Manifestly gauge-covariant representation of scalar and fermion propagators

TL;DR

This paper introduces a gauge-covariant representation of scalar and fermion propagators in weak gauge fields, simplifying calculations and clarifying gauge properties, with implications for amplitude computation and anomaly analysis.

Contribution

It presents a novel gauge-covariant form of propagators that reduces diagram complexity and aids in deriving counterterms and anomalies.

Findings

Facilitates gauge-covariant amplitude calculations

Reduces the number of Feynman diagrams needed

Provides a scheme-independent way to express counterterms

Abstract

A new way to write the massive scalar and fermion propagators on a background of a weak gauge field is presented.

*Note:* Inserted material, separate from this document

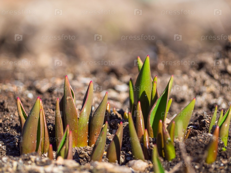 Маленькие ростки тюльпанов в почве весной. Прорастание тюльпанов в саду крупным планом, в полдень под ярким солнечным светом. Группа молодых саженцев тюльпанов прорастает в саду ранней весной

They are written in a form that is manifestly gauge-covariant up to several additional terms that can be written as boundary terms in momentum space. These additional terms violate Ward-Takahashi identities and need to be renormalized by appropriate counterterms if the complete theory is to be gauge-covariant. This form makes it possible to calculate many amplitudes in a manifestly gauge-covariant way (at the same time reducing the number of Feynman diagrams). It also allows to express some counterterms in a way independent of the regularization scheme and provides an easy way to derive the anomalous term affecting the chiral current conservation.